FORUM MIŁOŚNIKÓW PISMA ŚWIĘTEGO
TWOJE SŁOWO JEST PRAWDĄ (JANA 17:17)

Jesli masz pytanie - Salem

Markerów - 2022-11-11, 13:33
Temat postu: Salem
Czym było" szalem"??
Markerów - 2022-11-11, 13:38

Bóg znany jest w Judzie,
wielkie jest imię Jego w Izraelu.
W Salem powstał Jego przybytek,
a na Syjonie Jego mieszkanie.

Ps 76.2

Wiesława - 2022-11-11, 13:43

1. Miasto pradawne, a władał w nim Melchizedek.
Salem oznacza POKÓJ.

2. Salem - miasto w Oregonie USA
Ciekawy jest opis z Wikipedii "Salem – miasto w zachodniej części Stanów Zjednoczonych, nad rzeką Willamette, stolica stanu Oregon.
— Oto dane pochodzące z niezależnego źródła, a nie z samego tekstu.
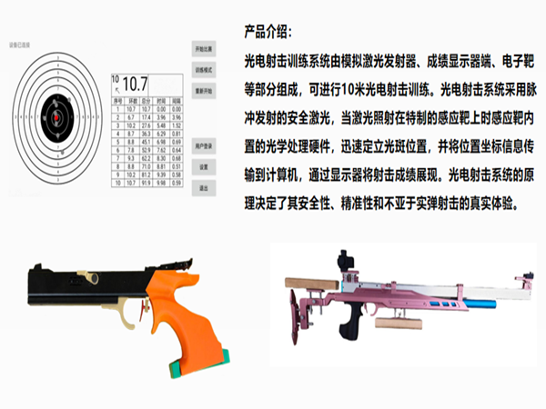 光电射击馆依托激光技术、光电感应设备及大数据分析能力,以安全无实弹、场景可定制、体验具沉浸感的核心优势,打破传统射击运动的场地、安全及门槛限制,广泛应用于专业训练、青少年教育、文旅休闲、团建拓展等多个领域,成为融合科技、体育、教育与娱乐的新型场景载体,适配不同群体的多样化需求。一、专业射击训练与人才培养光电射击馆是专业射击运动的重要训练与人才储备平台,其核心优势在于能精准模拟真实射击场景,同时规避训练的安全风险与高成本问题。场馆普遍采用奥运射击项目同等标准的光电射击系统,通过激光模拟实体子弹轨迹,配合即时反馈系统,可精准捕捉射击动作的细微偏差,结合大数据分析技术,实时生成射击稳定性、环数分布等

Nazwa Salem pochodzi od semickiego słowa (salam (سلام) i hebrajskiego shalom (שָׁלוֹם), co znaczy pokój. Vern Miller Civic Center, w którym mieszczą się urzędy miejskie i biblioteka, ma przestrzeń publiczną Peace Plaza, co nawiązuje do nazwy miasta. Salem jest również uważane za oryginalną nazwę Jerozolimy, wymienione w Księdze Rodzaju 14:18.

40 km na wschód od miasta znajduje się Park stanowy Silver Falls, największy park stanowy w Oregonie z licznymi wodospadami[2]."
3. Salem - czarownice. Polecam książkę https://lubimyczytac.pl/ksiazka/4884376/czarownice-salem-1692 "Czarownice z Salem"
"W epoce religijnej gorączki i niewidzialnych wrogów ta fascynująca historia staje się ważniejsza niż kiedykolwiek.
Panika wybuchła podczas wyjątkowo ostrej zimy. Siostrzenica pastora zaczęła wić się i wyć. W centrum kryzysu znalazły się nastolatki, głośne i dosadne. Histeria szybko się rozprzestrzeniła. Sąsiedzi oskarżali sąsiadów, mężowie żony, rodzice i dzieci oskarżali siebie nawzajem. Wszystko trwało niespełna rok – przez ten czas powieszono dziewiętnaście osób, jedną osobę ukamienowano.
Procesy w Salem to jeden z niewielu momentów amerykańskiej historii, w którym kobiety odegrały najważniejszą rolę. I jeden z mroczniejszych."/.../

Markerów - 2022-11-11, 13:49

Wiesława napisał/a:
1. Miasto pradawne, a władał w nim Melchizedek.
Salem oznacza POKÓJ.

2. Salem - miasto w Oregonie USA
Ciekawy jest opis z Wikipedii "Salem – miasto w zachodniej części Stanów Zjednoczonych, nad rzeką Willamette, stolica stanu Oregon.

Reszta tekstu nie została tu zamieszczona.